Heating tariffs of almost 60% heating traders in Latvia will be lower this season

In the next heating season the tariffs of approximately 60% of heating energy traders will range between 80 and 130 EUR/MWh, according to representatives of the Public Utilities Commission (SPRK).
The commission explains that when compared with the previous heating season, heating energy tariffs in Latvia will be lower this season.

At the same time, it is important to keep in mind that in the previous heating season there were two tariff thresholds (68 EUR/MWh and 150 EUR/MWh) above which households were provided with state benefits.

Currently SPRK can see that approximately one-third of heating energy companies regulated by SPRK have reviewed and reduced tariffs to levels below 150 EUR/MWh.

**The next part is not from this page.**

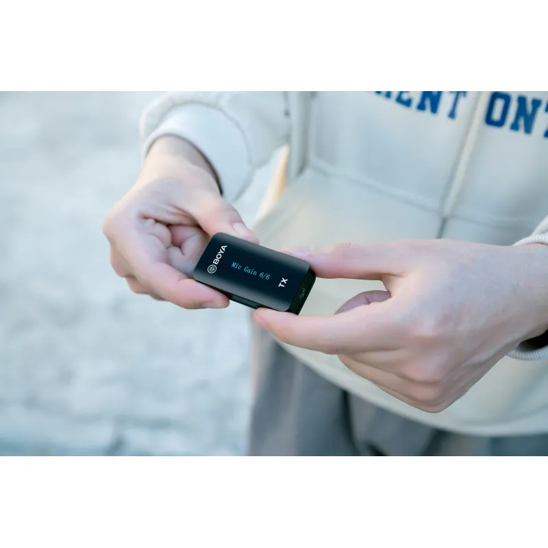 With a vivid and easy-to-read OLED display on transmitter and receiver, users can adjust the signal transmission precisely. And the transmitter is designed with a built-in omnidirectional microphone, so users can clip the transmitter on the collar to pick up sounds, while they can also plug a lavalier microphone into the transmitter's MIC IN input jack for sound capturing. The BY-XM6 series comes with a complete set of accessories in each package, such as a lavalier mic and charging cables, which is a cost-effective choice.

Tariffs of approximately 60% of businesses range between 80 and 130 EUR/MWh, which is significantly below the level of the previous heating season.

The differences between tariffs are down as well.
Fuel (gas and wood chips) price trends suggest residents can also expect a slight tariff drop in the coming months. Most heating supply businesses have a duty to submit reduced tariff plans to SPRK once fuel prices go down. Even if this duty is not set up, fuel prices are still assessed at the next review of heating tariffs.
At the same time, although heating tariffs are going down thanks to fuel price drops at the moment, they will not reach the level observed in 2021. Although fuel costs compose the largest portion of heating tariffs, there is a slight increase observed for other costs, which is related to the general price growth in the country. Respectively, all this impacts heating energy supply service costs.
SPRK notes that a large number of tariff projects are under assessment for the next heating season. Generally, when compared with previous years, heating energy generation costs have increased slightly across all heating energy tariff-forming positions. The costs of fuel and electricity are down after a price surge last year. Depending on the time of procurement and supply location, the price of wood chips ranges between 22 and 30 EUR/MWh.
Compared with the previous year, the procurement price of wood chips is 30% lower. Natural gas is several times cheaper on the exchange. Although the market is cautious in its future outlooks, it is not expected for the price of wood chips to go up this autumn. Lumber prices are down. This autumn it is possible logging volumes will increase due to efforts to combat the bark beetle infestation. This will increase supply of wood chips to the market.

The price of natural gas on the exchange is also down when compared with the previous heating season,

and with China’s economic growth slowed, there is no increase in global demand for gas expected, which reduces the gas price on the exchange as well. At the same time, European gas storage facilities are more than 80% full, which also reduces the risk of gas prices going up. Generally SPRK concludes that prices of gas, wood chips and electricity have stabilised at the moment.
There are also businesses for which SPRK performs a full tariff project evaluation, cost assessment included. Once costs change for the existing tariff or heating energy volume either go up or down by more than 10%, heating traders are to submit to SPRK a tariff project with a full cost assessment.
SPRK explains there are still traders whose tariffs have not been reviewed in years. Those tariffs are relatively low. Tariffs of these traders go up when new fuel supply contracts are signed, because the price of fuel in previous contracts was significantly below the new one.
SPRK has a total of 21 full heating tariff projects and nine businesses’ own heating supply tariff projects.
The regulator adds there are businesses that sign fuel supply contracts for six months in order to stabilise fuel supply prices for a longer period of time. There are also businesses that sign month-long contracts and look if fuel prices could down in a short-term perspective.